器用に,数多ある「渡り鳥」を捕るなんてことは,ほとんどありません。
メニューのほとんどは,ヘビ類や哺乳類を中心としています。これは,一つのデータですが多くの知見が,それを示しています。
「渡り鳥」というのが何をイメージしているのか明確ではないのですが,インフルエンザの平衡感染を考えると湿地性の混群を想定しやすいと思います。枝をばきばきへし折りながら林内を飛行したりする,山林の上空を餌を探して飛行するクマタカとは利用環境が異なります。
 このニホンザルの親子も,運が悪ければ,まな板に載せられて,30分もしないうちに解体されてしまう,そういう猛禽類がクマタカです。イメージ違うでしょう?
 そういった中型以上の哺乳類も利用できるので,開発圧が高く,低山が多い常緑樹林の森林でも結構分布しているのです。そういった種イメージが理解できない人が解釈しているとしか思えません。
 ‘専門家は「渡り鳥が大陸からH5N1型ウイルスを運んだとのシナリオを支持する状況証拠だ」としている。’
 多分もしも,本気でそう云う話をするには,他のデータが必要です。何処のなんという専門家なのか不明ですが,この発言だけを取り上げれば,生態屋,生物屋とはおよそ思えません。多少皮肉を申し上げれば,本人もきわめて不本意ではないでしょうか。どの「専門家」なのか,分かる状況になれば,なぜこのようなテキストになったのか理解できると思います。
要するに,「人間が運んだのではない」ということが言いたいのでしょうけれど,そこの部分が舌足らずで曲解されてしまっています。

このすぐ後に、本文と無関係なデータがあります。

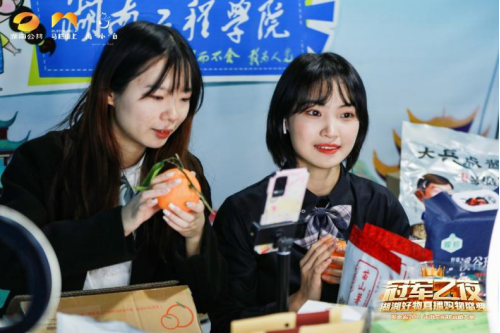 精心组织,通过线上线下宣传,吸引各学院的1000余名学生参加。参赛的选手线上组成16支直播团队,在抖音、淘宝上进行直播,累计曝光量达100余万次。线下开展摆摊设点销售、进班营销、班级团购等活动,积极邀请师生参与进来,用行动帮扶湖湘地区的农特产品打开销路,做到高校助力乡村振兴。

 朝のニュース番組で,テリー伊藤さんが,クマタカはネズミなども食べるはずと指摘されていましたが,流石です。彼はその業界での能力のべらぼうに高い方ですが,論理的科学的な直観や思考にいつも感動します。彼の車評も大好きです。発想が柔軟ですが,論理的なセオリーから矛盾しないセンスをお持ちの方です。コメンテーターの作法として分野外の人間であることなど何ら問題とせず,ちゃんとチェックされたのでしょう。こんなものは,素人でも本格的な論文のデータベースに当たらなくてもネット検索で数分で検証ができます。やらないのは,そのままの大本営発表を伝えるだけのテキストを配信するだけのメディアです。責任を問えるメディアが必要ないという世界は,ホリエモンが提唱していた話ですが,私自身は,最初からアホかと思っております。自分で読み取れと言うことなのでしょうけど,自分でも分野外の方面は正否の判断など無理な部分が多く,そんなに人間,器用じゃないし,一旦変な話が回れば,それを取り消す方は,何万倍の労力を払っても,簡単ではありません。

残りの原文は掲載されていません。